Work instructions: Of all the lines in the entries below, give again exactly those starting at the line containing "DPH staff at" and ending at the line containing "Grandma invites you", both ends included, and no others.

Material to process:
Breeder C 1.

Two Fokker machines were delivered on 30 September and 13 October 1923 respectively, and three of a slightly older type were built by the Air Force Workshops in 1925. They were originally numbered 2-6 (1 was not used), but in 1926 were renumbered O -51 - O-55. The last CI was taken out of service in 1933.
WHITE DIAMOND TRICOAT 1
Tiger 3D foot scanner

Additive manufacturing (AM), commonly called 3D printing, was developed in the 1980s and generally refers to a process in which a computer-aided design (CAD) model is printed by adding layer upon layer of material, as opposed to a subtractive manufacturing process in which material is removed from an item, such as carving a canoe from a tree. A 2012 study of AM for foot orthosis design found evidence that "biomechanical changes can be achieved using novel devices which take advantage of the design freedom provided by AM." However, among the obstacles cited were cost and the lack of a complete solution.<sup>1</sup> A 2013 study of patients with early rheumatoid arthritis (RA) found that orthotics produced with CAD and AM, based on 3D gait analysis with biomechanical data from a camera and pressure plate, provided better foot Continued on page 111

...

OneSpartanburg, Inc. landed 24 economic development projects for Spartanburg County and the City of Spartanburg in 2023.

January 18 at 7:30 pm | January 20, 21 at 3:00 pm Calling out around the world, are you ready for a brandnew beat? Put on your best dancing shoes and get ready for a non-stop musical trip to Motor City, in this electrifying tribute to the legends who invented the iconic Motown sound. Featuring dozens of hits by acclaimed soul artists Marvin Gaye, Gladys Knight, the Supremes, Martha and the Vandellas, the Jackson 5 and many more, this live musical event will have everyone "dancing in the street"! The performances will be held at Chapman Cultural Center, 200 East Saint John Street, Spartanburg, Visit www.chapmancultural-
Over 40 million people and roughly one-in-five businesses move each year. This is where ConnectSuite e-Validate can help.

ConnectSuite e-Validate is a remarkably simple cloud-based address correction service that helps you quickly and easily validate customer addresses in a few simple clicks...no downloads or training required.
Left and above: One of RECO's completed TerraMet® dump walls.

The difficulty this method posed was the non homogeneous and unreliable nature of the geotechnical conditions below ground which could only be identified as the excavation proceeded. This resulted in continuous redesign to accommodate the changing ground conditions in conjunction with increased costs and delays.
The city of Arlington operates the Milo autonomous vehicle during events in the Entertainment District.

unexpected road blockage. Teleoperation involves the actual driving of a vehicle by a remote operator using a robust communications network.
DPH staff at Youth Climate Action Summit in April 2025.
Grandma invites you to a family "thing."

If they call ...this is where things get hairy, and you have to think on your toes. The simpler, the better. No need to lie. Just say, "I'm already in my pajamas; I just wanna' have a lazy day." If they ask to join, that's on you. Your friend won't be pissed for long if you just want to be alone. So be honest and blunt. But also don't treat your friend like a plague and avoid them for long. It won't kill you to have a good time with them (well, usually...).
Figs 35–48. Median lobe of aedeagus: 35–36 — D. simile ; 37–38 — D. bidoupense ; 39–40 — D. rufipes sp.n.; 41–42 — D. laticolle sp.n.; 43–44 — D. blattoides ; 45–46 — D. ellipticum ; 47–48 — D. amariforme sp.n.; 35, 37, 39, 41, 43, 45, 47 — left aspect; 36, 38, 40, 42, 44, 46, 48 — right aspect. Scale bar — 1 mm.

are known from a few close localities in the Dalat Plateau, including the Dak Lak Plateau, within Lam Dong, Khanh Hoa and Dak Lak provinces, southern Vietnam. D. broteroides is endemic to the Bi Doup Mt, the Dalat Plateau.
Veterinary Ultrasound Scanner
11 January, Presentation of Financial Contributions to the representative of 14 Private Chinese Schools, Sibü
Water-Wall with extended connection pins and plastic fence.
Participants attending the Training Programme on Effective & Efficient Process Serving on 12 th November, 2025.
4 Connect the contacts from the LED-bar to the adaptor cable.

Exercise answer:
DPH staff at Youth Climate Action Summit in April 2025.
Grandma invites you to a family "thing."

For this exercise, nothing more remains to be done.